WORK TO COMPLETE.
Set down, exactly and only, everything from the line containing "基本面方面:周四凌晨公布的美" down to the line containing "樹脂下穴の設計やナット形状を" in the data below; the pictures are not part of the copy.

DATA.

####

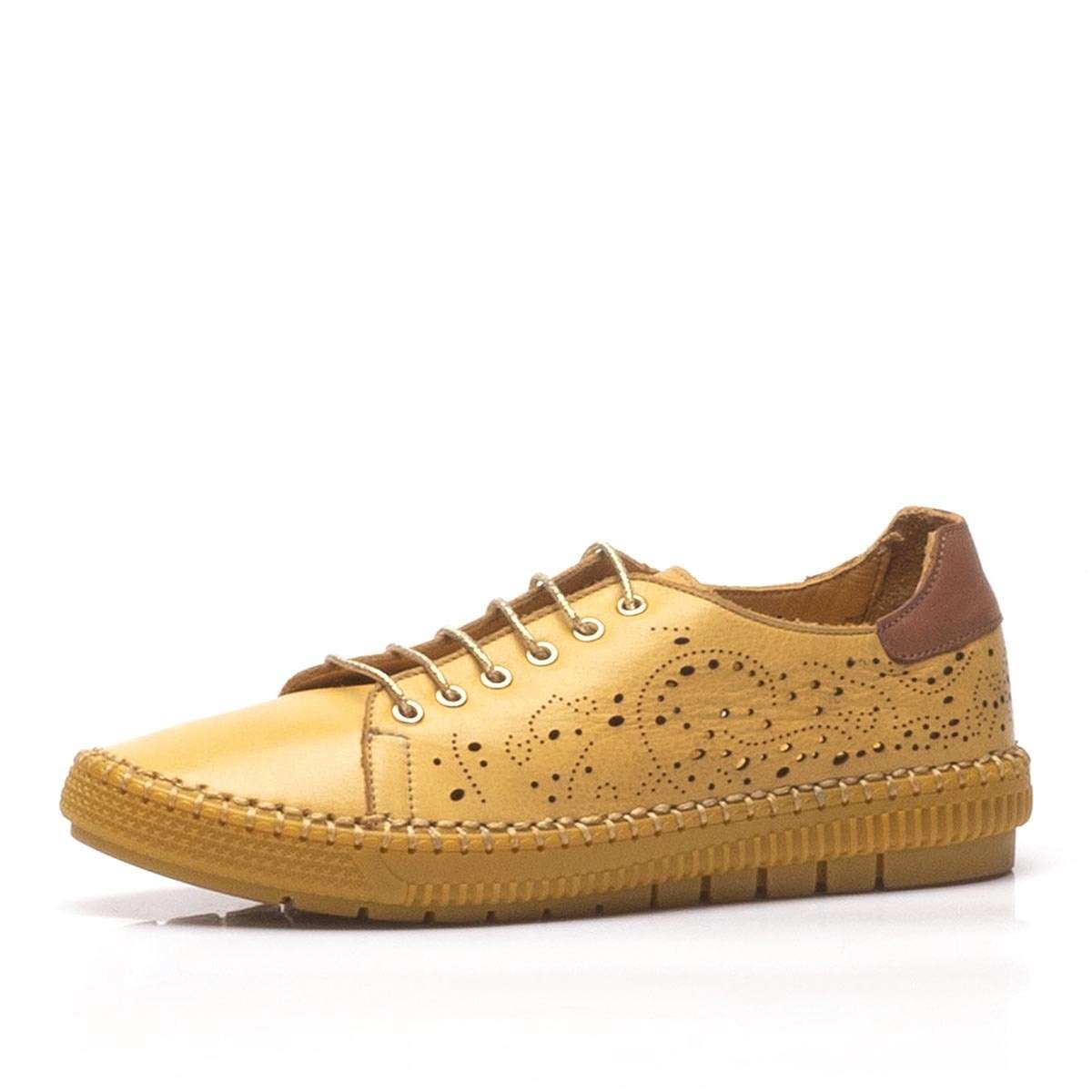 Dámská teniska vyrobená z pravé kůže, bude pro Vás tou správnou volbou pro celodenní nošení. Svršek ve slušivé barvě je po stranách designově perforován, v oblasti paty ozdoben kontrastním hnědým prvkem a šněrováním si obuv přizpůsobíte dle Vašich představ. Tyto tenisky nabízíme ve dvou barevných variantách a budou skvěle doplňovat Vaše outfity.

####

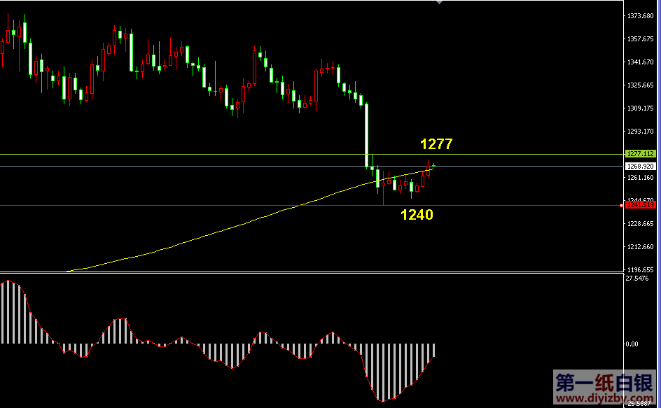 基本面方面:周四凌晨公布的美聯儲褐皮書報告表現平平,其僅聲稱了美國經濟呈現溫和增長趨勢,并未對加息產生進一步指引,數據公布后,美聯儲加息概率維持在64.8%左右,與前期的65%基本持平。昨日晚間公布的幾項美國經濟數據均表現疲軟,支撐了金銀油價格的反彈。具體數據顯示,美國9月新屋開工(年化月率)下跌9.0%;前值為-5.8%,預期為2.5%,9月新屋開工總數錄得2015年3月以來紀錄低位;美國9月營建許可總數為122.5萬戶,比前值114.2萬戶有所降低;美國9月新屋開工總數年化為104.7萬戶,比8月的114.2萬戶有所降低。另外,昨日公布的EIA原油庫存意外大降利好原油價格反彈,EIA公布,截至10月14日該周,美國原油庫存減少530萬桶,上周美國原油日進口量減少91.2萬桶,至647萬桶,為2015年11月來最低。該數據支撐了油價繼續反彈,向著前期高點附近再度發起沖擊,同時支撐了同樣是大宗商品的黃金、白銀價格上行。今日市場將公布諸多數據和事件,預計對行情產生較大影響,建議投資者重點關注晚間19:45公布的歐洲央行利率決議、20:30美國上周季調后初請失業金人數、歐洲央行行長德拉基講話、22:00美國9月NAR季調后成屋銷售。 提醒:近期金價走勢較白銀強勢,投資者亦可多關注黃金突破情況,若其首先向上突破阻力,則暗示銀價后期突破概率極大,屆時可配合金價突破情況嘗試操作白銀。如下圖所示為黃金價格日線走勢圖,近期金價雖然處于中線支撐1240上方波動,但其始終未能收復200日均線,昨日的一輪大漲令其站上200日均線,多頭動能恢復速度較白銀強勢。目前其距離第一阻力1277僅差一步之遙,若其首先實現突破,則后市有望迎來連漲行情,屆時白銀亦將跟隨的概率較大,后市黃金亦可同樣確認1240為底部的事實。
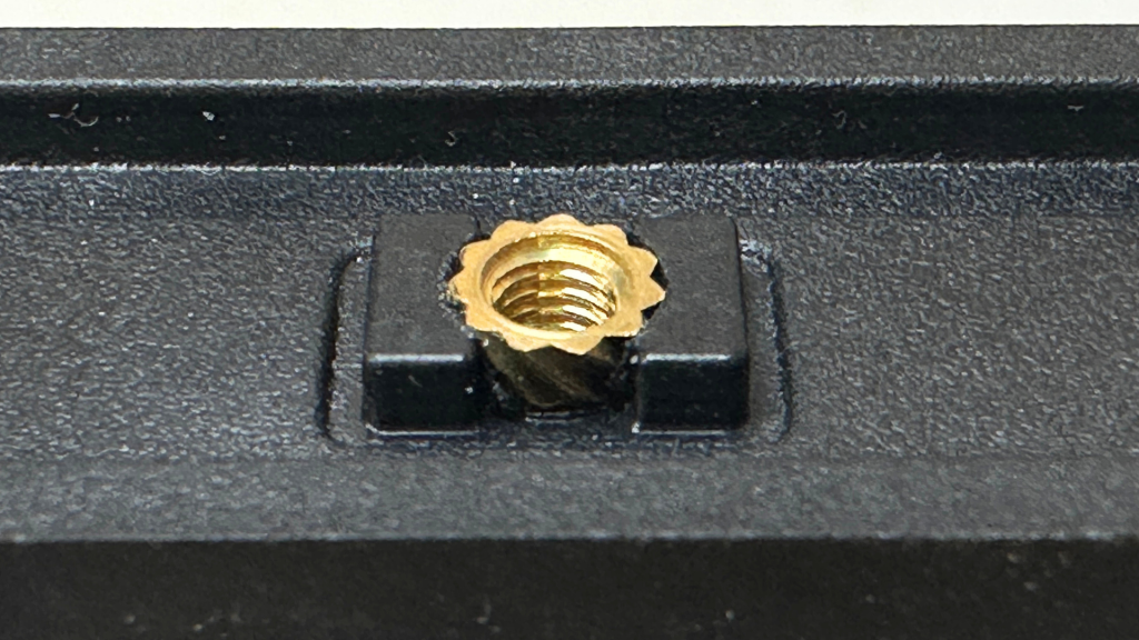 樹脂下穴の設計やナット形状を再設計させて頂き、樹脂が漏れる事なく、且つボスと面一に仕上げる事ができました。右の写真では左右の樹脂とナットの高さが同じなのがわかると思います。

####

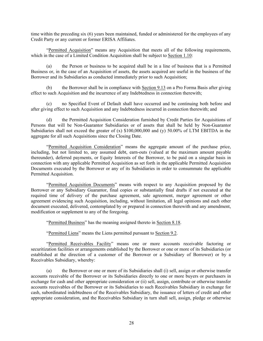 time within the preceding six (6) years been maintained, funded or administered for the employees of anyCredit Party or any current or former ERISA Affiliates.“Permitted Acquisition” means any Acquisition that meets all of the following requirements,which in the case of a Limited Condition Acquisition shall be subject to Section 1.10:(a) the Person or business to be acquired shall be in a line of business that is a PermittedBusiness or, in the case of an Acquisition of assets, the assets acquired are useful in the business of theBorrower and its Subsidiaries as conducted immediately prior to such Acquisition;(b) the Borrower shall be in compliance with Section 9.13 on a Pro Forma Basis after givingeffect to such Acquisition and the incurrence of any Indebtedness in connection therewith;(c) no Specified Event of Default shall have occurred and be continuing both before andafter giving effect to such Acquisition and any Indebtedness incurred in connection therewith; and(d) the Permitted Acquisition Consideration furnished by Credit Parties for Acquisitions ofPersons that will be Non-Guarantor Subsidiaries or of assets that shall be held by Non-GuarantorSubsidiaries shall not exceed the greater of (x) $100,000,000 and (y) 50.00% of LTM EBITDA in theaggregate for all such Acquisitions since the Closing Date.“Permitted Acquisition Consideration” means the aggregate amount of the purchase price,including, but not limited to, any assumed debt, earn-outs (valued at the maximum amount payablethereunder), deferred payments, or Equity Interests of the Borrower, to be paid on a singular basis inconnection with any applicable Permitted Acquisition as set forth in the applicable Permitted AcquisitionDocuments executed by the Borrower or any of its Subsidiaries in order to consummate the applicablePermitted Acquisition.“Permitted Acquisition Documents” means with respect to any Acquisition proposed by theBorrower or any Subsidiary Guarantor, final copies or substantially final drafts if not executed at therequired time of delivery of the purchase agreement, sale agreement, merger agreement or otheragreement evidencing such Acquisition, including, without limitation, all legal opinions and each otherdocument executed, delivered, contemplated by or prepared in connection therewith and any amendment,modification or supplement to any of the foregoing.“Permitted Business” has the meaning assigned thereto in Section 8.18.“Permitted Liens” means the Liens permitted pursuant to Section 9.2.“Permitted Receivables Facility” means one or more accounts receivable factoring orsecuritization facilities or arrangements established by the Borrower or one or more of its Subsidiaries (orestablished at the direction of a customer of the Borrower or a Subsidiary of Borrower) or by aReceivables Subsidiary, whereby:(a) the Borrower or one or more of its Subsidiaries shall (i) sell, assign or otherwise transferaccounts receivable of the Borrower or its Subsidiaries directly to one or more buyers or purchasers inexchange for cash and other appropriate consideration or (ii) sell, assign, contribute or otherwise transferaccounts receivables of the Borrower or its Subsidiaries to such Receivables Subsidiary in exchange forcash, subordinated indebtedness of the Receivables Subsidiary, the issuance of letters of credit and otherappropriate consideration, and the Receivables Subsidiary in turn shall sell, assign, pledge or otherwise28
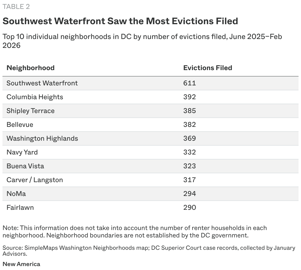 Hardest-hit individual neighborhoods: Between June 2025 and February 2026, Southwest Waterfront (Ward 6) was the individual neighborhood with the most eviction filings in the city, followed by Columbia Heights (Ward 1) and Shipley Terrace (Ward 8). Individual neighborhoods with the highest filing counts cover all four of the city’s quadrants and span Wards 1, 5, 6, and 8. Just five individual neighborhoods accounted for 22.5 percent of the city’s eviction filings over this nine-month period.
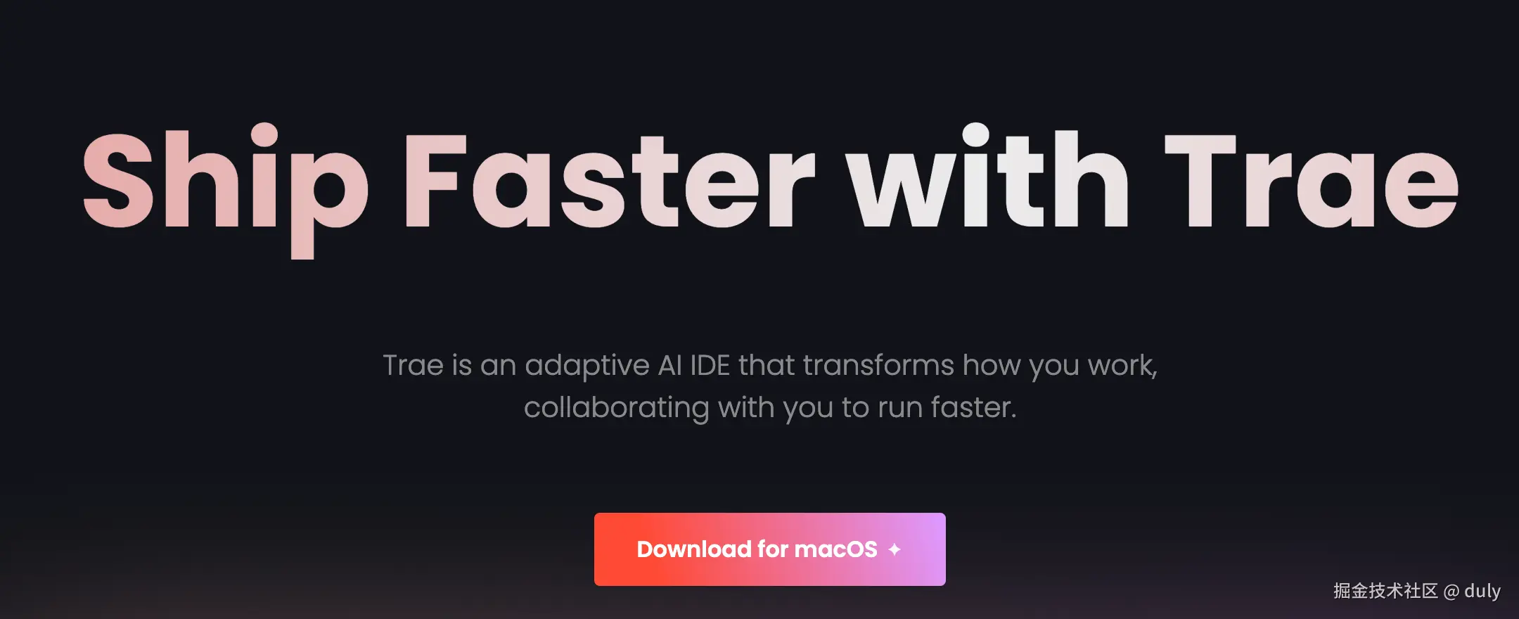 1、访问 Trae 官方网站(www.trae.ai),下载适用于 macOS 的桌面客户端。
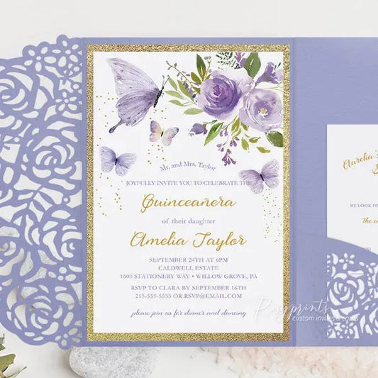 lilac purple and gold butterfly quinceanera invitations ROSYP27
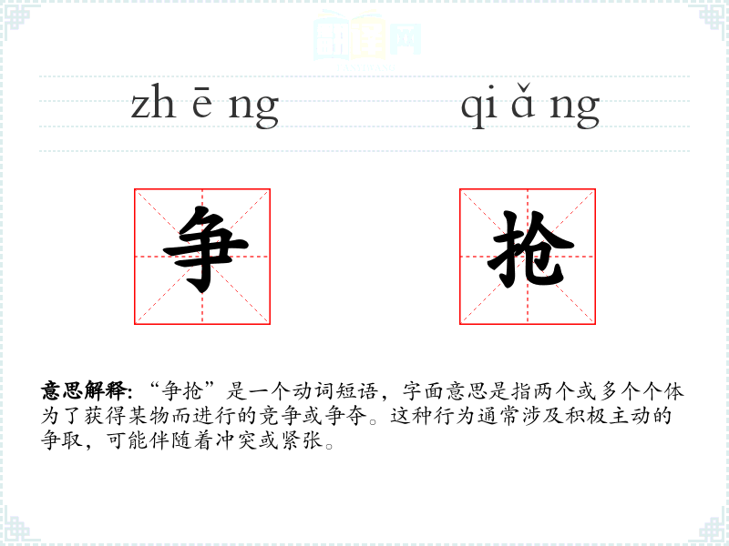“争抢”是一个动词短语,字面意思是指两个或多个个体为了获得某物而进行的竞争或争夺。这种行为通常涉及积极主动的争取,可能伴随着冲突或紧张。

####

REPLY TO THE EXERCISE.
 基本面方面:周四凌晨公布的美聯儲褐皮書報告表現平平,其僅聲稱了美國經濟呈現溫和增長趨勢,并未對加息產生進一步指引,數據公布后,美聯儲加息概率維持在64.8%左右,與前期的65%基本持平。昨日晚間公布的幾項美國經濟數據均表現疲軟,支撐了金銀油價格的反彈。具體數據顯示,美國9月新屋開工(年化月率)下跌9.0%;前值為-5.8%,預期為2.5%,9月新屋開工總數錄得2015年3月以來紀錄低位;美國9月營建許可總數為122.5萬戶,比前值114.2萬戶有所降低;美國9月新屋開工總數年化為104.7萬戶,比8月的114.2萬戶有所降低。另外,昨日公布的EIA原油庫存意外大降利好原油價格反彈,EIA公布,截至10月14日該周,美國原油庫存減少530萬桶,上周美國原油日進口量減少91.2萬桶,至647萬桶,為2015年11月來最低。該數據支撐了油價繼續反彈,向著前期高點附近再度發起沖擊,同時支撐了同樣是大宗商品的黃金、白銀價格上行。今日市場將公布諸多數據和事件,預計對行情產生較大影響,建議投資者重點關注晚間19:45公布的歐洲央行利率決議、20:30美國上周季調后初請失業金人數、歐洲央行行長德拉基講話、22:00美國9月NAR季調后成屋銷售。 提醒:近期金價走勢較白銀強勢,投資者亦可多關注黃金突破情況,若其首先向上突破阻力,則暗示銀價后期突破概率極大,屆時可配合金價突破情況嘗試操作白銀。如下圖所示為黃金價格日線走勢圖,近期金價雖然處于中線支撐1240上方波動,但其始終未能收復200日均線,昨日的一輪大漲令其站上200日均線,多頭動能恢復速度較白銀強勢。目前其距離第一阻力1277僅差一步之遙,若其首先實現突破,則后市有望迎來連漲行情,屆時白銀亦將跟隨的概率較大,后市黃金亦可同樣確認1240為底部的事實。
 樹脂下穴の設計やナット形状を再設計させて頂き、樹脂が漏れる事なく、且つボスと面一に仕上げる事ができました。右の写真では左右の樹脂とナットの高さが同じなのがわかると思います。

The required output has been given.